Wakil Ketua KPAD Kabupaten Bogor, Waspada mengungkapkan data tersebut berasal dari pengaduan yang masuk maupun temuan lapangan. Meskipun pada 2023 dan 2024 secara kuantitatif terjadi penurunan, Waspada mengatakan kemungkinan ada beberapa hal yang membuat masyarakat tidak melaporkan kasus yang terjadi.

“Kami beranggapan kekerasan terhadap anak di Kabupaten Bogor turun mungkin ada hal-hal lain yang membuat pengaduan masyarakat jadi turun. Mungkin karena takut diintimidasi dan sebagainya sehingga enggan mengadu,” kata Waspada.

Baca Juga: Orang dengan Disabilitas Jadi Tersangka Kekerasan Seksual, Gimana Proses Hukumnya?

Terkait kasus yang terjadi pada anak korban, Waspada mengungkapkan KPAD Kabupaten Bogor juga turut mengawal kasusnya bersama KPAID Kota Bogor. Ia juga berharap kasus tersebut bisa diselesaikan dan korban mendapat keadilan.

“Kami berharap kasus ini bisa dituntaskan setuntas-tuntasnya dan seadil-adilnya. Karena itu sampai sekarang kami mengawal,” katanya.

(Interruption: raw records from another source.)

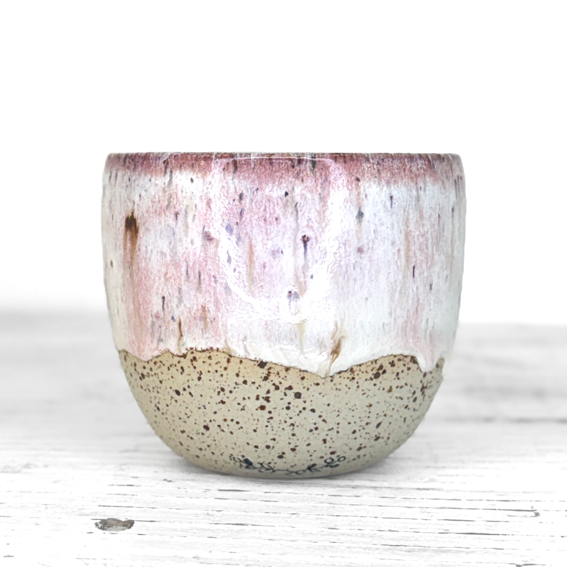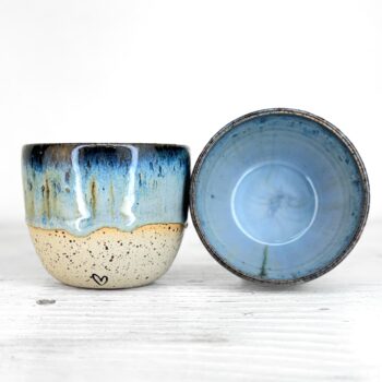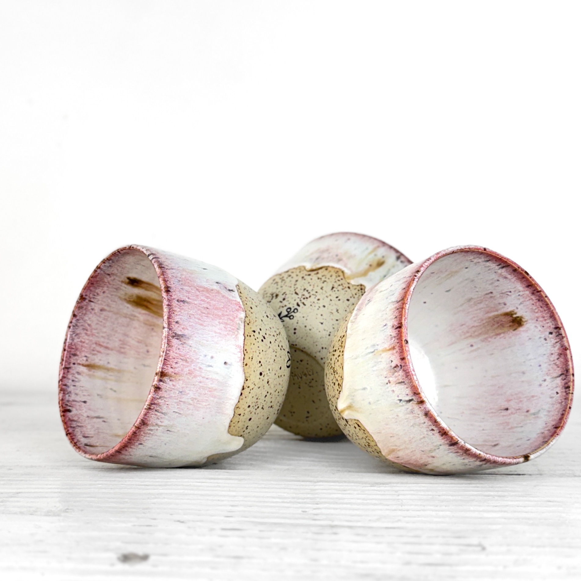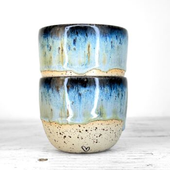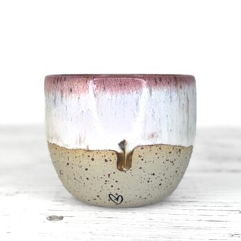 Tento kalíšek je ručně vytočený na hrnčířském kruhu z pigmentované kameniny a vypálený při vysokých teplotách v elektrické peci. Každý kus vzniká samostatně, bez forem a bez snahy o naprostou shodu. Drobné rozdíly v tvaru, tloušťce i povrchu jsou přirozenou součástí ruční práce.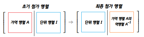 첨가 행렬의 왼쪽 부분을 단위 행렬로 만들었다.
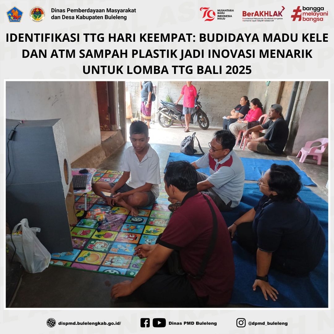 Buleleng, 7 November 2024 – Tim Bidang Lembaga Kemasyarakatan Desa, Adat, dan Usaha Ekonomi Masyarakat (LKDA-UEM) Dinas PMD Kabupaten Buleleng melanjutkan tahap Identifikasi dan Inventarisasi Teknologi Tepat Guna (TTG) guna mempersiapkan lomba TTG tingkat Provinsi Bali tahun 2025. Pada hari keempat ini, tim yang dipimpin oleh Kabid LKDA-UEM, Ni Made Banu Deviati, didampingi oleh Fungsional Penggerak Swadaya Masyarakat (PSM), Dewa Nyoman Suarjana Putra, serta staf LKDA-UEM, mengunjungi Desa Les, Kecamatan Tejakula dan Desa Tamblang, Kecamatan Kubutambahan.

Masih Ada Upaya ‘Mendamaikan’ Kasus Kekerasan Seksual Anak

Catatan penting dari proses pendampingan yang dilakukan KPAID terhadap kasus-kasus kekerasan seksual terhadap anak adalah masih adanya upaya untuk “mendamaikan” pelaku dengan korban. Dede menuturkan alasan khilaf kerap dipakai hingga membuat korban atau keluarganya kemudian luluh. Padahal mestinya kita berpegang pada keyakinan bahwa kejahatan bisa terjadi pada siapa saja, kapan dan dimana saja. Termasuk juga bisa dilakukan oleh siapa saja.

“Artinya seseorang yang berilmu, seseorang yang mungkin memiliki jabatan tinggi juga memiliki kemungkinan-kemungkinan yang sama dengan masyarakat lainnya yang bisa melakukan tindak pidana kejahatan,” kata Dede.

Hal lain yang patut disayangkan adalah meski UU Tindak Pidana Kekerasan Seksual (TPKS) sudah disahkan tetapi tidak bisa meyakinkan masyarakat bahwa mestinya tidak ada kata damai untuk segala macam bentuk tindak kekerasan seksual yang dilakukan orang-orang dewasa dengan korban anak.

Dede menuturkan hal ini juga terjadi pada kasus yang sedang didampinginya. Pada kasus kekerasan seksual terhadap anak di Kabupaten Bogor, terdapat tiga orang korban. Namun satu orang korban sampai sekarang masih bersikukuh tidak mau melaporkan kasusnya.

“Korban menganggap kasusnya sudah tuntas karena ayahnya sudah melakukan perdamaian dengan terduga pelaku. Ini sangat disayangkan, artinya memang praktik-praktik di tengah masyarakat masih banyak terjadi,” tutur Dede.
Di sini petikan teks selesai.